All parties reside at the same address. Plaintiff has alleged that Mr. Hefner is a manager at a laundromat and Ms. Hefner is a stay-at-home wife. (Doc.1, at 1-2). Plaintiff alleges that his parents were acting under the authority or color of state law because they are "always harassing [him] over money and pain of suffering." (Doc. 1, at 2). Plaintiff also alleges that the Defendants were acting under color of state law by "stopping me from working and saying they will take me to court and have me in jail." (Doc. 1, at 2). These allegations fall well short of acting under authority of state law.

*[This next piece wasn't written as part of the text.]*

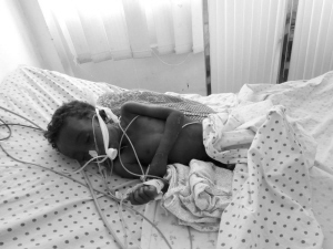 每次到ICU查房,看到那个五岁的儿童,我就心疼。上周刚死掉一个六岁的患AIDS的儿童。这个病床似乎是为埃塞艾滋病儿童准备的,一个接着一个。我们医疗队到提露内丝-北京医院工作快十个月了,光ICU收治的艾滋病儿童就有六个,更不要说成人了。因为我监管着医院的ICU病房,从日常工作来看,我感到ICU病房的医护人员的救治能力不强,所以我不放心这些个危重病人,想为他做点啥。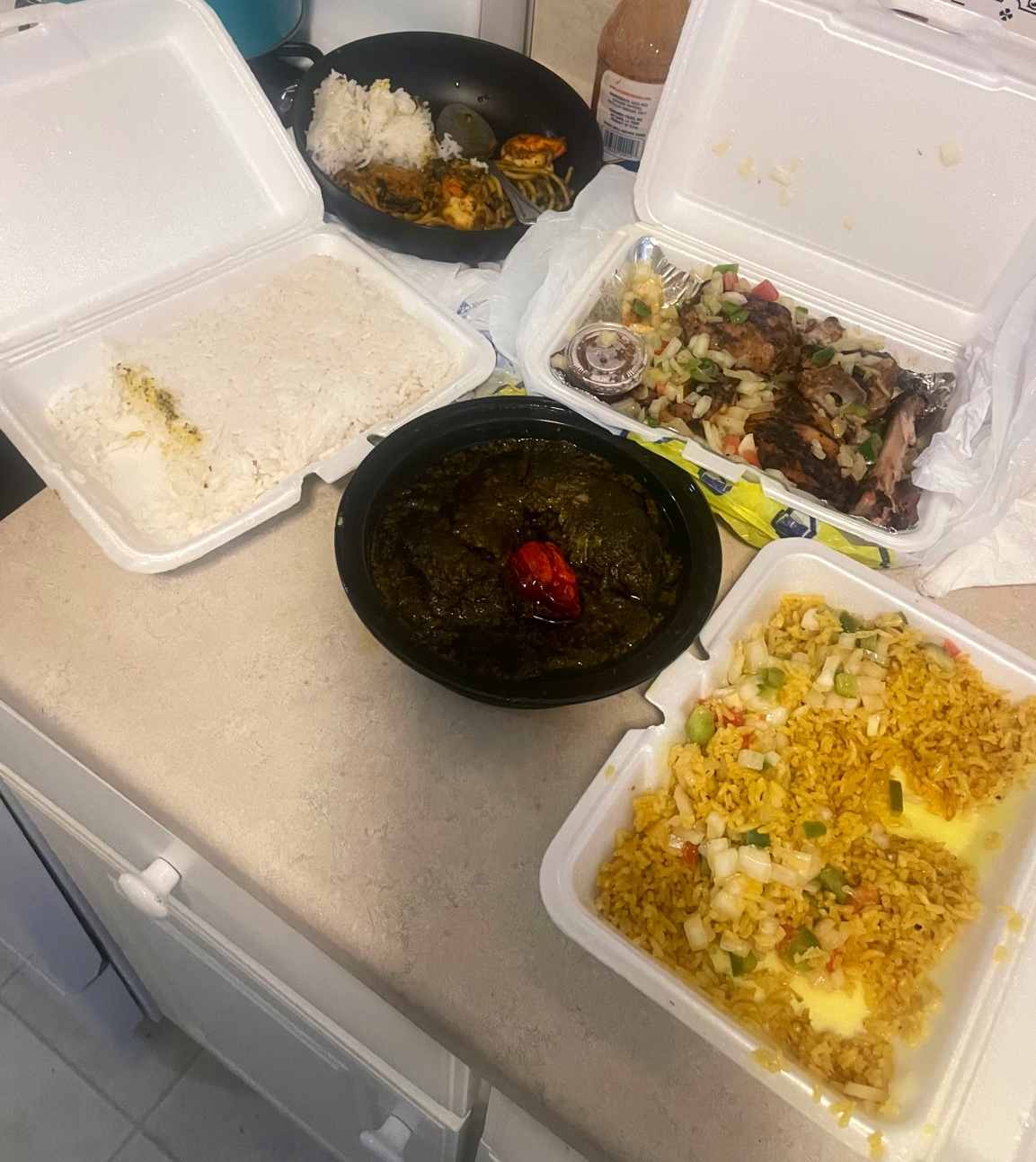 Read moreFood: lacking flavor, I was surprised and disappointed to see them warm everything in the microwave and in styrofoam. The âjollof riceâ tasted like Chinese fried rice I have never felt so misled⊠false advertisement! The cassava stew was okay but the rice was over heated in the microwave and ended up hard and crunchy Overall food tasted like left overs

Therefore, there is no allegation that the Defendants here have acted under color of state law. Both are private citizens and their conduct, as alleged, is purely private. "Purely private conduct... no matter how wrongful, injurious, fraudulent, or discriminatory, is not actionable under 42 U.S.C. § 1983, or under the Fourteenth Amendment, the two most common provisions under which persons come into federal court to claim that others have violated their constitutional rights." Harrison v. Lee, No. 2:14-CV-4544-RMG, 2015 WL 337634, at *2 (D.S.C. Jan. 26, 2015) (citing Lugar v. Edmondson Oil Co., 457 U.S. 922, 936, 102 S.Ct. 2744, 73 L.Ed.2d 482 (1983); Burton v. Wilmington Parking Auth., 365 U.S. 715, 721, 81 S.Ct. 856, 6 L.Ed.2d 45 (1961)).

Plaintiff also asserts that jurisdiction proper under 42 U.S.C. §1985. The Court interprets this claim as falling within § 1985(2) and § 1985(3) because there is no allegation that Plaintiff is an officer under § 1985(1). More particularly, the Complaint does not state a claim relevant to the clauses preceding the semicolon in § 1985(2) because there are no allegations that Plaintiff was a witness, juror, or party in a case before any court. Plaintiff's allegations do not fall within the clause after the semi-colon in § 1985(2) because they raise no allegations regarding "racial or other class-based, discriminatory animus." Glass v. Anne Arundel Cnty., No. CIV. WDQ-12-1901, 2013 WL 1120549, at *8 (D. Md. Mar. 14, 2013) (quoting Sellner v. Panagoulis, 565 F.Supp. 238, 246 (D. Md. 1982)). Further, Plaintiff's Complaint does not raise allegations that fall within § 1985(3). The pertinent portion of § 1985(3) provides a cause of action "in any case of conspiracy set forth in this section, if one or more persons engaged therein do, or cause to be done, any act in furtherance of the object of such conspiracy, whereby another is injured in his person or property, or deprived of having and exercising any right or privilege of a citizen of the United States." Section 1985(3) "requires the plaintiff to show that the conspiracy involves two or more people motivated by a specific class-based, invidiously discriminatory animus.'" Glass, 2013 WL 1120549, at *8 (quoting Simmons v. Poe, 47 F.3d 1370, 1376 (4th Cir. 1995)). Plaintiff has not alleged any such animus. Accordingly, the Court does not have subject-matter jurisdiction under § 1985.

Plaintiff also claims that this Court has jurisdiction pursuant to 18 U.S.C. § 112. Section 112 is a criminal statute. The Court notes that "[t]he Supreme Court historically has been loath to infer a private right of action from a bare criminal statute.'" Doe v. Broderick, 225 F.3d 440, 447 (4th Cir. 200) (quoting Cort v. Ash, 442 U.S 66, 80 (1975)). However, the Court need not decide whether this statute enables a private right of action because Plaintiff's Complaint fails to allege that he is a foreign official, official guest, or internationally protected person pursuant to § 112. Accordingly, the Court lacks subject-matter jurisdiction over all claims made. When a Court finds that it lacks subject-matter jurisdiction, "the court must dismiss the action." Fed. R. Civ. Pro. 12(h)(3).